Task objective: Copy each line below that contains "Tāmaki".

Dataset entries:
•••

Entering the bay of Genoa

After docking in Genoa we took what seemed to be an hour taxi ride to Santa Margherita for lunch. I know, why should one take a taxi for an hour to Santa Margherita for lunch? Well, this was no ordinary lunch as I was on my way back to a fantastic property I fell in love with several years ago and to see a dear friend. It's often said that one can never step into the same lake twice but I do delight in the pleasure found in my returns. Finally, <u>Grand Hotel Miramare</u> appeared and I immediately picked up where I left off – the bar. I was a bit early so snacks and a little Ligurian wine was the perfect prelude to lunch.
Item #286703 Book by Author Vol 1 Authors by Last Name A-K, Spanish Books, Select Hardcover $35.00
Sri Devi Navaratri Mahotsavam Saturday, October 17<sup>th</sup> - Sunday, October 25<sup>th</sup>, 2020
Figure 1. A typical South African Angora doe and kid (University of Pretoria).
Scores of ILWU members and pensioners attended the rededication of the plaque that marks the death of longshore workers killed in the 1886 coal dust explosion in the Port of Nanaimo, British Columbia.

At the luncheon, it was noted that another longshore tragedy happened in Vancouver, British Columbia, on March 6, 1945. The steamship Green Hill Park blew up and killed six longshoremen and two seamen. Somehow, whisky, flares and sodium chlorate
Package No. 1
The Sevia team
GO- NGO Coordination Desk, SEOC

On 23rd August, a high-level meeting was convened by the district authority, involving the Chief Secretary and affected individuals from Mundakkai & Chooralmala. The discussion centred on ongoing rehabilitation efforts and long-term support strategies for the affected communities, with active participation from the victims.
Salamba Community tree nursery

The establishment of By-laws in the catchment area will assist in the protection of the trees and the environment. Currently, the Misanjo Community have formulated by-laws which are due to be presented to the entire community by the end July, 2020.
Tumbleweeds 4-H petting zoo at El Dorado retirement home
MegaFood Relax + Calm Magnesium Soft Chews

•••

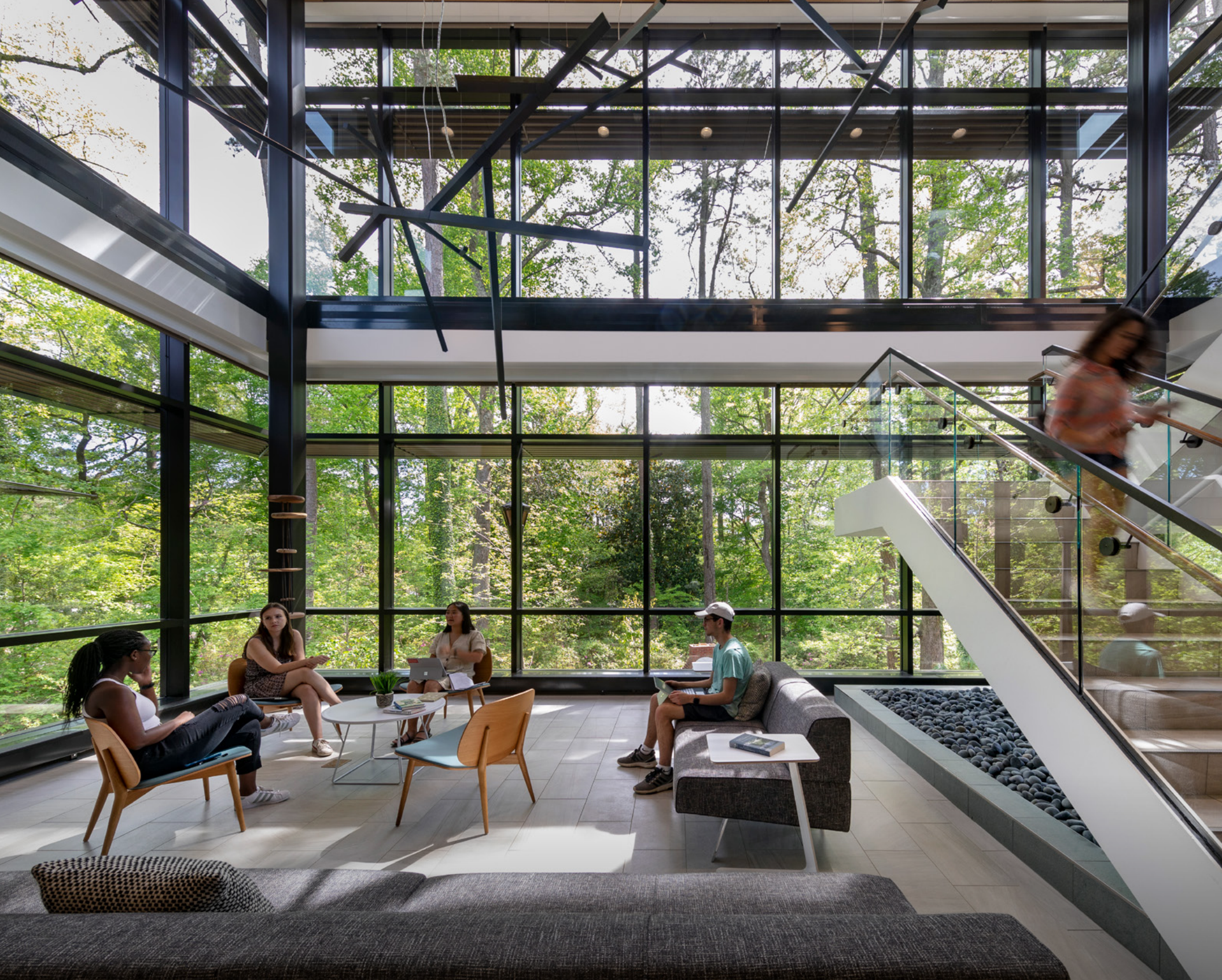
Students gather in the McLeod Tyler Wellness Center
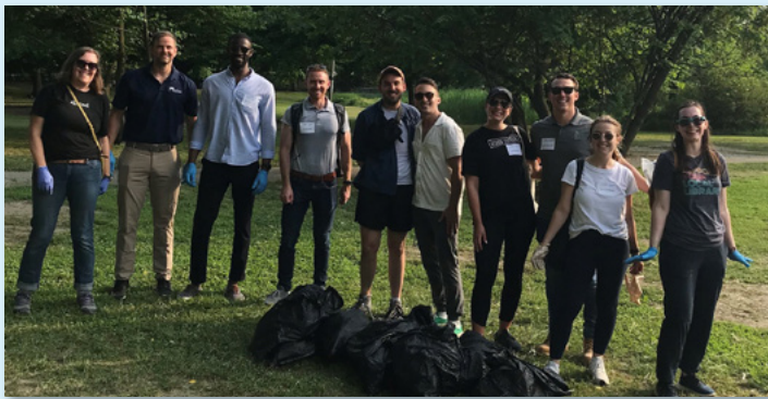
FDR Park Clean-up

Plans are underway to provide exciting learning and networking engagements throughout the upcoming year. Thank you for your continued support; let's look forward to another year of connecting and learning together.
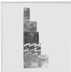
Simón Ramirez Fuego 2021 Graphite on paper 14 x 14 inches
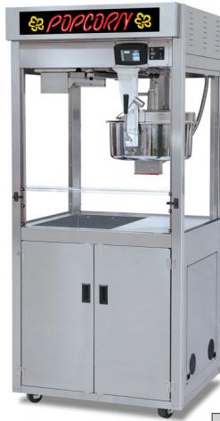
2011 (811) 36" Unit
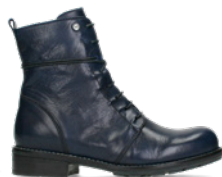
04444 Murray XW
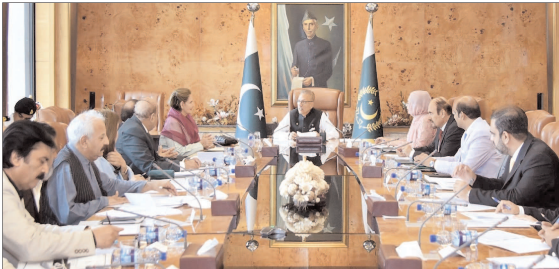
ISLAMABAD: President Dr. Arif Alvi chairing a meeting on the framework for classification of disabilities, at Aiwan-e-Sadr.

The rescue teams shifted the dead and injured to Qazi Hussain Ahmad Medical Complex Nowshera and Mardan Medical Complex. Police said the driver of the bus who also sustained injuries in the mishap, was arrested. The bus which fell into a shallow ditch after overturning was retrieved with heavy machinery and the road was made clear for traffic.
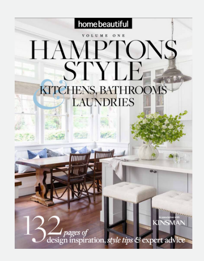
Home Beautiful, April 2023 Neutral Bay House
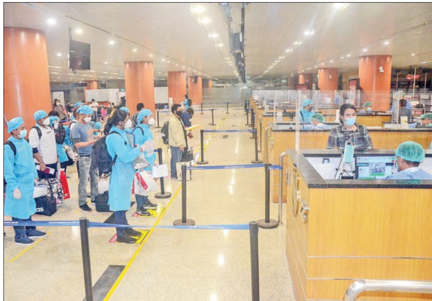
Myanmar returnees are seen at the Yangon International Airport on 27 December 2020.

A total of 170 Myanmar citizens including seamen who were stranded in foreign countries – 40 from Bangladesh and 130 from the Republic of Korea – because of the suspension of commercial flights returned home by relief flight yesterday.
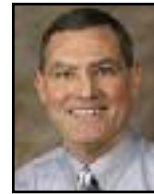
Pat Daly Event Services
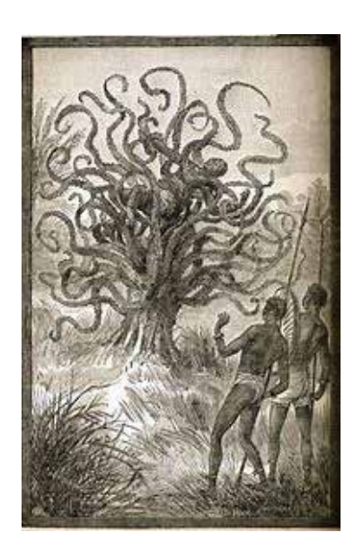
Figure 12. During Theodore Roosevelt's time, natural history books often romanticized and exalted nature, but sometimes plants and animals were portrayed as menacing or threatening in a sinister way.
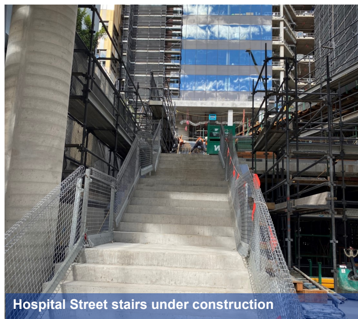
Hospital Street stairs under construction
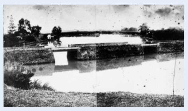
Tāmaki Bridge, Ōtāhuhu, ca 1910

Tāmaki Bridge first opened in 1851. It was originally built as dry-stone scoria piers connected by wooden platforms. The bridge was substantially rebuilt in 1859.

•••

Expected answer:
Tāmaki Bridge, Ōtāhuhu, ca 1910
Tāmaki Bridge first opened in 1851. It was originally built as dry-stone scoria piers connected by wooden platforms. The bridge was substantially rebuilt in 1859.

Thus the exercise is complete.